Gerratt B R, Kreiman J
Division of Head and Neck Surgery, UCLA School of Medicine, Los Angeles, California 90095-1794, USA.
J Acoust Soc Am. 2001 Nov;110(5 Pt 1):2560-6. doi: 10.1121/1.1409969.
Much previous research has demonstrated that listeners do not agree well when using traditional rating scales to measure pathological voice quality. Although these findings may indicate that listeners are inherently unable to agree in their perception of such complex auditory stimuli, another explanation implicates the particular measurement method-rating scale judgments-as the culprit. An alternative method of assessing quality-listener-mediated analysis-synthesis-was devised to assess this possibility. In this new approach, listeners explicitly compare synthetic and natural voice samples, and adjust speech synthesizer parameters to create auditory matches to voice stimuli. This method is designed to replace unstable internal standards for qualities like breathiness and roughness with externally presented stimuli, to overcome major hypothetical sources of disagreement in rating scale judgments. In a preliminary test of the reliability of this method, listeners were asked to adjust the signal-to-noise ratio for 12 synthetic pathological voices so that the resulting stimuli matched the natural target voices as well as possible For comparison to the synthesis judgments, listeners also judged the noisiness of the natural stimuli in a separate task using a traditional visual-analog rating scale. For 9 of the 12 voices, agreement among listeners was significantly (and substantially) greater for the synthesis task than for the rating scale task. Response variances for the two tasks did not differ for the remaining three voices. However, a second experiment showed that the synthesis settings that listeners selected for these three voices were within a difference limen, and therefore observed differences were perceptually insignificant. These results indicate that listeners can in fact agree in their perceptual assessments of voice quality, and that analysis-synthesis can measure perception reliably.

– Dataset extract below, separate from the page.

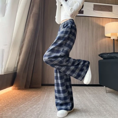 New autumn and winter plaid pants for women's casual loose straight leg pants, slimming and versatile, student ankle binding sports pants

此前的许多研究表明,在使用传统评分量表来衡量病理性嗓音质量时,听众之间的意见不太一致。尽管这些发现可能表明听众在感知此类复杂听觉刺激方面天生就无法达成一致,但另一种解释将问题归咎于特定的测量方法——评分量表判断。为了评估这种可能性,设计了一种评估嗓音质量的替代方法——听众介导的分析合成法。在这种新方法中,听众明确比较合成语音样本和自然语音样本,并调整语音合成器参数以创建与语音刺激的听觉匹配。这种方法旨在用外部呈现的刺激取代诸如呼吸声和粗糙声等质量的不稳定内部标准,以克服评分量表判断中主要的假设性分歧来源。在对该方法可靠性的初步测试中,要求听众调整12个合成病理性嗓音的信噪比,以使生成的刺激尽可能与自然目标嗓音匹配。为了与合成判断进行比较,听众还在一项单独任务中使用传统的视觉模拟评分量表对自然刺激的嘈杂程度进行了判断。对于12个嗓音中的9个,听众在合成任务中的一致性明显(且显著)高于评分量表任务。对于其余三个嗓音,两项任务的反应方差没有差异。然而,第二项实验表明,听众为这三个嗓音选择的合成设置在辨别阈限之内,因此观察到的差异在感知上并不显著。这些结果表明,听众实际上能够在对嗓音质量的感知评估上达成一致,并且分析合成法能够可靠地测量感知。